The court considered these arguments against the backdrop of Arizona's Financial Responsibility Act, A.R.S. §§ 28-4001 to 4153, the purpose of which is to protect the public from "the financial hardship resulting from the use of automobiles by financially irresponsible persons." Farmers, 493 P.2d at 911 (citing Jenkins v. Mayflower Insurance Exchange, 380 P.2d 145 (Ariz. 1963)). Ultimately, the court concluded that "public policy would be thwarted by holding that the exclusion will be applied where a person is injured by a third party insured by the owner because he is an employee of the owner." Id. at 912. Although the purpose of the employment exclusion was to "protect the owner from the expense of double coverage where his employee is covered by workmen's compensation," the court held that the application of "the exclusion without limitation to defeat coverage of third parties frustrates the purpose of the Financial Responsibility Act." Id.
Farmers rested on the policies of the Financial Responsibility Act. The purpose of the Act is to protect "[t]he public using the highways . . . from financial hardship resulting from the use of automobiles by financially irresponsible persons." Schwab v. State Farm Fire & Cas. Co., 558 P.2d 942, 944 (Ariz. Ct. App. 1976). Because this case involves neither automobiles nor the public's use of the highways, the policies of the Act are not relevant.

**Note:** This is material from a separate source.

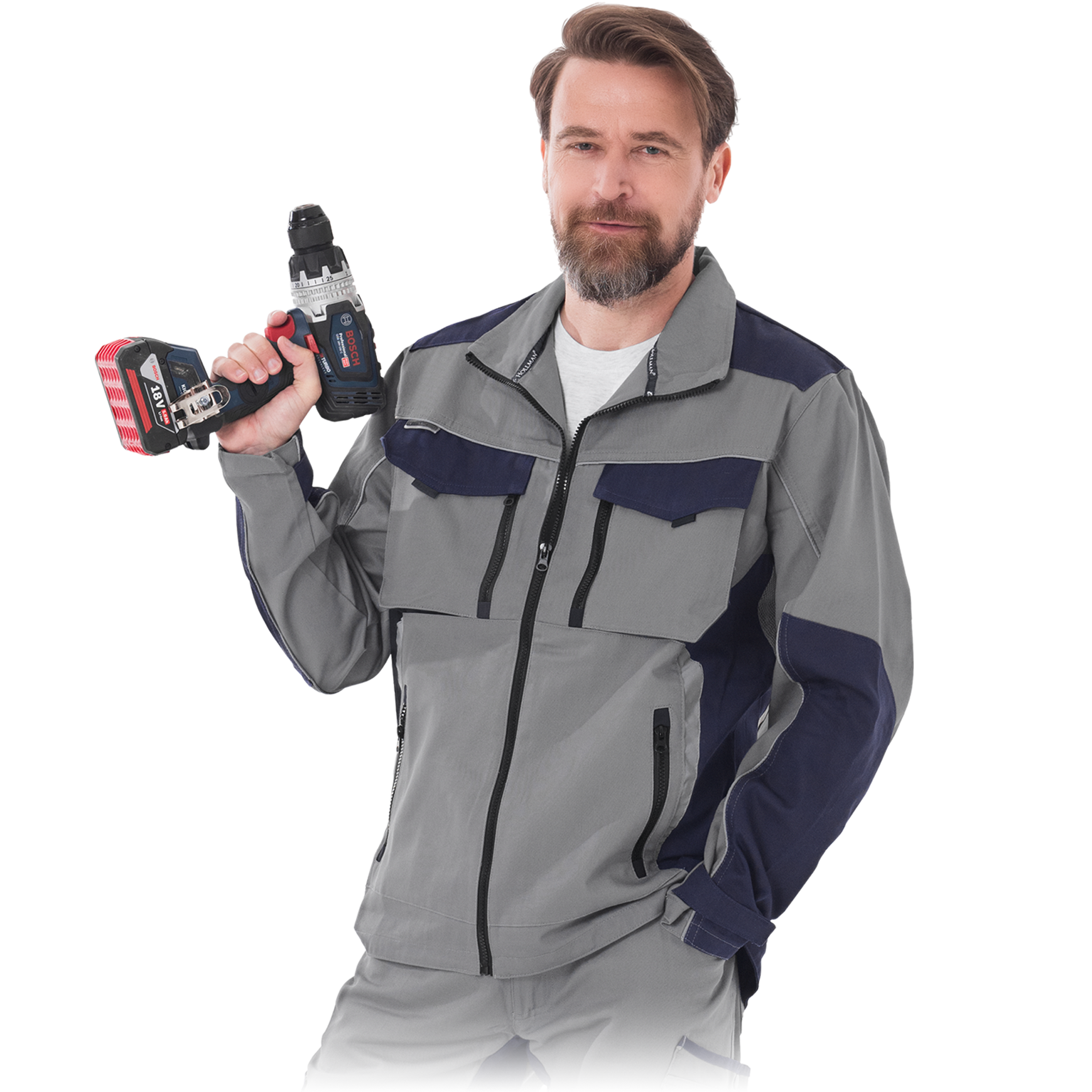 Quality and comfortable men's work jacket for comfortable work in various conditions. Made of durable and light fabric (100% cotton).

Interstate contends that Farmers stands for the proposition that the phrase "the insured" can only refer to the insured employer and that they, like Daly, are the "non-employer" who seeks coverage for the employee's injuries. Doc. 93 at 20. This argument misstates the holding in Farmers. As noted above, Farmers was based entirely on the Financial Responsibility Act. Farmers did not adopt the holding Interstate espouses, but merely mentioned it as hypothetical: "If we were to construe the Home Indemnity policy to mean that the exclusion does not have application to the permissive insured because the injured or deceased was an employee of the owner insured, [the court] would be compelled to hold . . . that the exclusion was void as against public policy." Farmers, 493 P.2d at 912 (emphasis added). The Court cannot conclude that the mere mention of this hypothetical constitutes a basis on which to disregard the clear language of the policy and the undisputed facts that render it applicable in this case.

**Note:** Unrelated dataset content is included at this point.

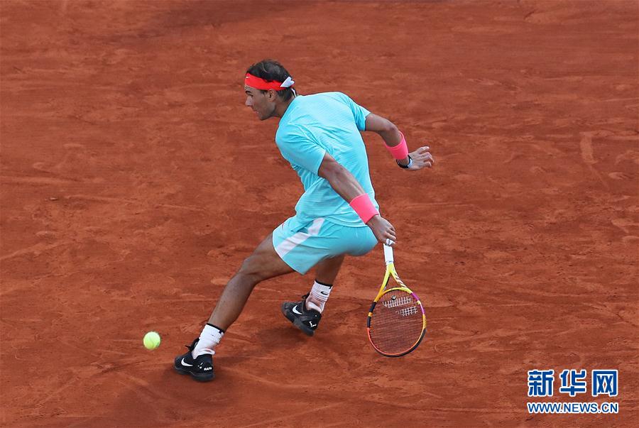 10月9日,纳达尔在比赛中。 当日,在法国巴黎进行的2020年法国网球公开赛男单半决赛中,西班牙选手纳达尔以3比0战胜阿根廷选手施瓦茨曼,晋级决赛。 新华社记者 高静 摄

In summary, the Court finds that the clear language of the employer liability exclusion applies to the undisputed facts of this case. Although Water Movers qualifies as an additional insured, the plain language of the employment exclusion policy bars indemnification under the policy. Doc. 90-4 at 101.
IT IS ORDERED:
1. Plaintiff Interstate's motion for summary judgment (Doc. 90) is denied.
2. Defendant New Hampshire's motion for summary judgment (Doc. 92) is granted.
3. The Clerk shall terminate this action.